At Fa’a a postwoman appeared. Before opening the mail-box she tarried to light a cigarette and to chat with the driver about the new picture at the cinema in Papeete. She commented laughingly on the writers and addressees of the letters, and flirted with a passenger. The former himene-house, which had been the dance-hall of Kelly, the leader of the fish-strike, was vacant, but I heard in imagination the strains of his pagan accordion, and the himene which will never be forgotten by the Tahitians, “Hallelujah! I’m a bum!” Kelly had gone over the water to the jails of the United States, where life is hard for minstrels who sing such droll songs.
In Punaauia, the next district to Fa’a, was a schoolhouse and on it a sign: 2 x 2 = 4.
M. Souvy, a government printer of Tahiti, had given the site out of his humble savings.

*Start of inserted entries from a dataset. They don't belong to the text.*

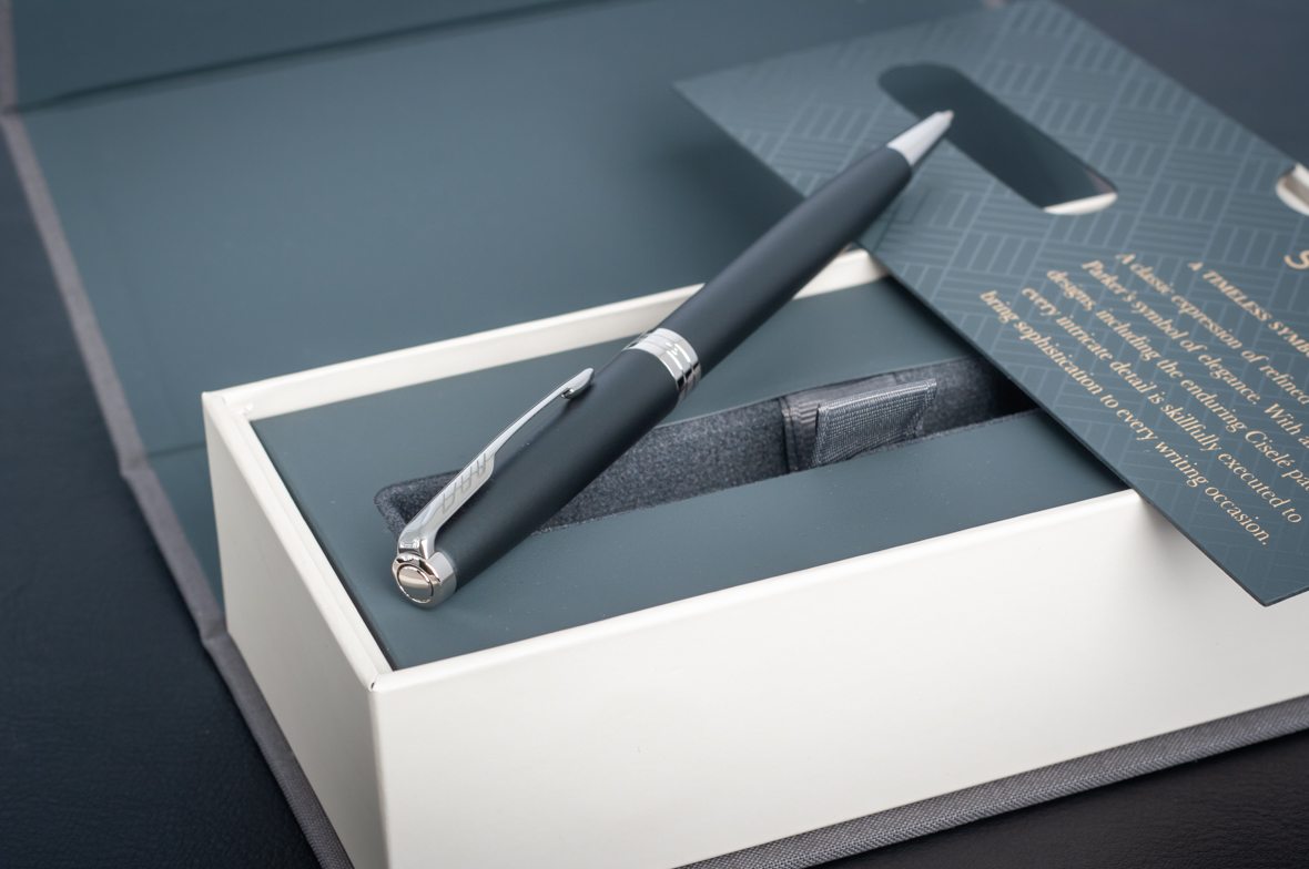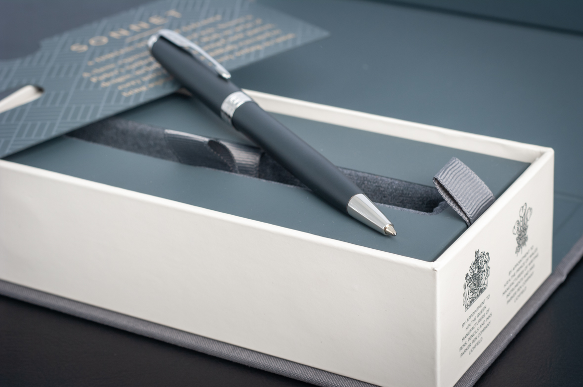Шариковая ручка Parker Sonnet Matte Black CT от официального дилера Parker в Арзамасе. Вы можете дополнительно заказать гравировку, которая подчеркнет Вашу оригинальность и придаст памятность статусному подарку. Все ручки Паркер поставляются в фирменном футляре.
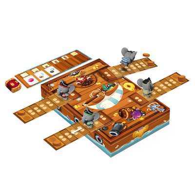 Search the captain's trunk and place weights on the end of your opponents' board to knock them down! But be careful, with each misstep, you move forward one space on your own board!
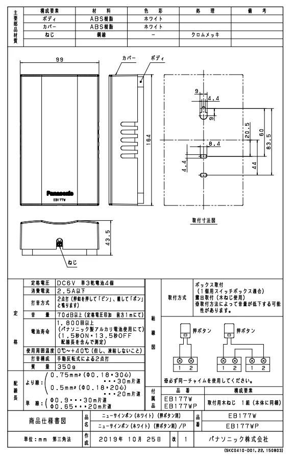 EB177W パナソニック 純正 ニューサインポン ホワイト 押ボタン別 パック無し AmazonPay支払い対応 Panasonic
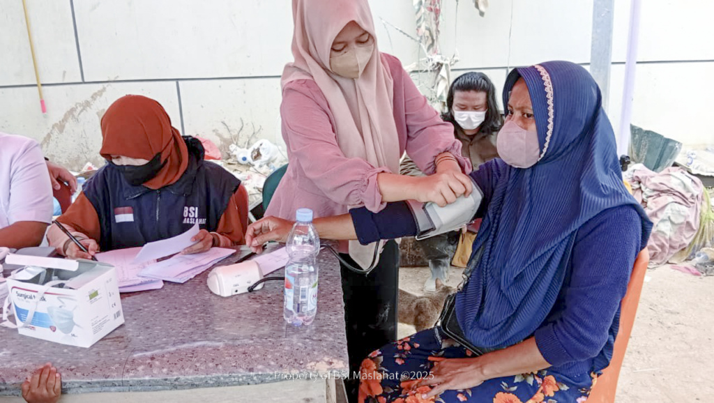 BSI Maslahat mengirim 2 dokter, 2 perawat, dan 2 apoteker untuk melayani masyarakat terdampak. Sebanyak 222 orang menjalani pemeriksaan kesehatan untuk mendeteksi kondisi tubuh sehingga tindakan medis dapat segera diberikan untuk mencegah penyakit berkembang lebih lanjut. Tindakan pemeriksaan kesehatan terdiri dari pemeriksaan tekanan darah, konsultasi dokter, pengecekan metabolik pasien, tindakan lanjutan, dan pemberian obat-obatan. Diharapkan, hasil dari pemeriksaan ini dapat menjadi dorongan bagi masyarakat untuk mampu bangkit dan menjalani hidup seperti sedia kala.
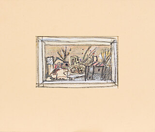 technika mieszana, papier; 13,8 x 10,4 cm (w św. passe-partout);
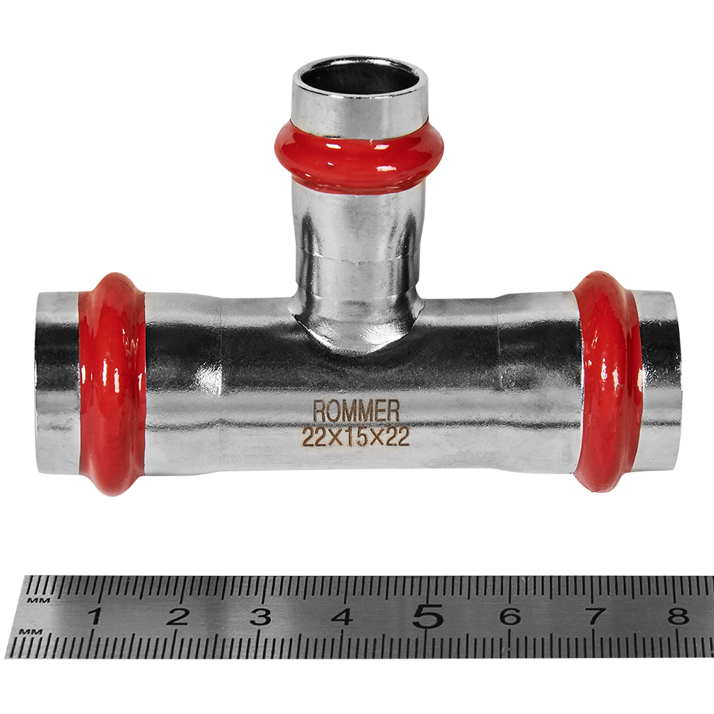 RSS-0014-221522 ROMMER Тройник переходной ВПр, 22х15х22, из нержавеющей стали прессовой

By the sign, in his blunt way, he struck at education which does not teach the simple necessity of progress—common sense.
“Cela saute aux yeux,” he had said.
He was long dead, but his symbol provoked a question from every new-comer, and kept alive his name and philosophy. I never saw it but I thought of an article I had once written that led to the overturning of the educational system of a country. How all guide-posts point to oneself! Near the school-house, a dozen yards from the salt water, was a native house with a straw roof, a mere old shell, untenanted.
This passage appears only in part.